▶ [Task prompt] Please take the lines from the one holding "Sont ainsi concernés" through the one holding "- Biết thiết" in the data below and copy them exactly.

▶ [Source information]
###

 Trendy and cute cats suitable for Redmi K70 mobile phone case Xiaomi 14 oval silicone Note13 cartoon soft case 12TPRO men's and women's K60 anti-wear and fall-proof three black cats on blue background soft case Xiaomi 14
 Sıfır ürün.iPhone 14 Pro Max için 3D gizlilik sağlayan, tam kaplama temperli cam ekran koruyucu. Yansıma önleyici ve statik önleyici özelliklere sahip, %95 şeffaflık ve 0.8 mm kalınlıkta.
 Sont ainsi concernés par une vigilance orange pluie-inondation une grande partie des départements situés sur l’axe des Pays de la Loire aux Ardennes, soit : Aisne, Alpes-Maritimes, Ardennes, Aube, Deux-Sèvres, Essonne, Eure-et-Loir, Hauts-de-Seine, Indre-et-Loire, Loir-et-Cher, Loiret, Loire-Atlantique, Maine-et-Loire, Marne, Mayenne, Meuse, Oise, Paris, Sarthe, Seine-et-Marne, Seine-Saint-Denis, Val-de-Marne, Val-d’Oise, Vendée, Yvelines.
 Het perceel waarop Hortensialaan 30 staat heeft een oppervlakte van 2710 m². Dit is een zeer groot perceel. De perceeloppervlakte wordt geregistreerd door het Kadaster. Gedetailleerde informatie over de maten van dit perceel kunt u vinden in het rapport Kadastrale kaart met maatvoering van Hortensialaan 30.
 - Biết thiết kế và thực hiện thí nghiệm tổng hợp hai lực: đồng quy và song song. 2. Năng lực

###

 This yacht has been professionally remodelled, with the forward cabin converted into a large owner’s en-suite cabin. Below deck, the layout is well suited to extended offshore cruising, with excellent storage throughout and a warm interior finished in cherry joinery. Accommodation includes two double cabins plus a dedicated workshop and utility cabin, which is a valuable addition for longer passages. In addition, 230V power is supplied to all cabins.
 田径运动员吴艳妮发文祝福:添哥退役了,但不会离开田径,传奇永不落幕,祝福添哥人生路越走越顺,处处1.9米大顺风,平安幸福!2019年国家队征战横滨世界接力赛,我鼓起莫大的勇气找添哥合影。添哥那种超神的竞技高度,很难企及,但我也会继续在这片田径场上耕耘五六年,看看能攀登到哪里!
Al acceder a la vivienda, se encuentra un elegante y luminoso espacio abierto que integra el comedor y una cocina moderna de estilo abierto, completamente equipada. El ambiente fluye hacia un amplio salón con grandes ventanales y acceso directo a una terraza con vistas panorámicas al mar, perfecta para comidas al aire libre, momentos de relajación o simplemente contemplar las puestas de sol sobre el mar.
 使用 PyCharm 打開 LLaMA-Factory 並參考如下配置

###

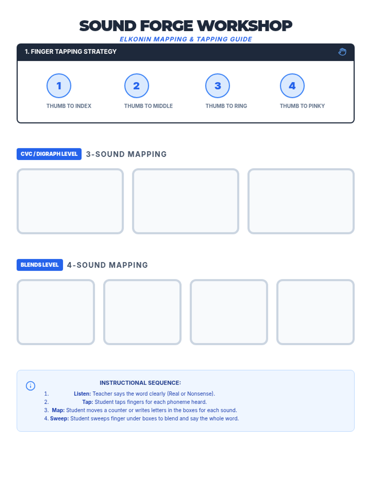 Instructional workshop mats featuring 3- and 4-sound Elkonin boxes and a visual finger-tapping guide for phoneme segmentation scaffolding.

###

▶ [Solution to this task]
 Sont ainsi concernés par une vigilance orange pluie-inondation une grande partie des départements situés sur l’axe des Pays de la Loire aux Ardennes, soit : Aisne, Alpes-Maritimes, Ardennes, Aube, Deux-Sèvres, Essonne, Eure-et-Loir, Hauts-de-Seine, Indre-et-Loire, Loir-et-Cher, Loiret, Loire-Atlantique, Maine-et-Loire, Marne, Mayenne, Meuse, Oise, Paris, Sarthe, Seine-et-Marne, Seine-Saint-Denis, Val-de-Marne, Val-d’Oise, Vendée, Yvelines.
 Het perceel waarop Hortensialaan 30 staat heeft een oppervlakte van 2710 m². Dit is een zeer groot perceel. De perceeloppervlakte wordt geregistreerd door het Kadaster. Gedetailleerde informatie over de maten van dit perceel kunt u vinden in het rapport Kadastrale kaart met maatvoering van Hortensialaan 30.
 - Biết thiết kế và thực hiện thí nghiệm tổng hợp hai lực: đồng quy và song song. 2. Năng lực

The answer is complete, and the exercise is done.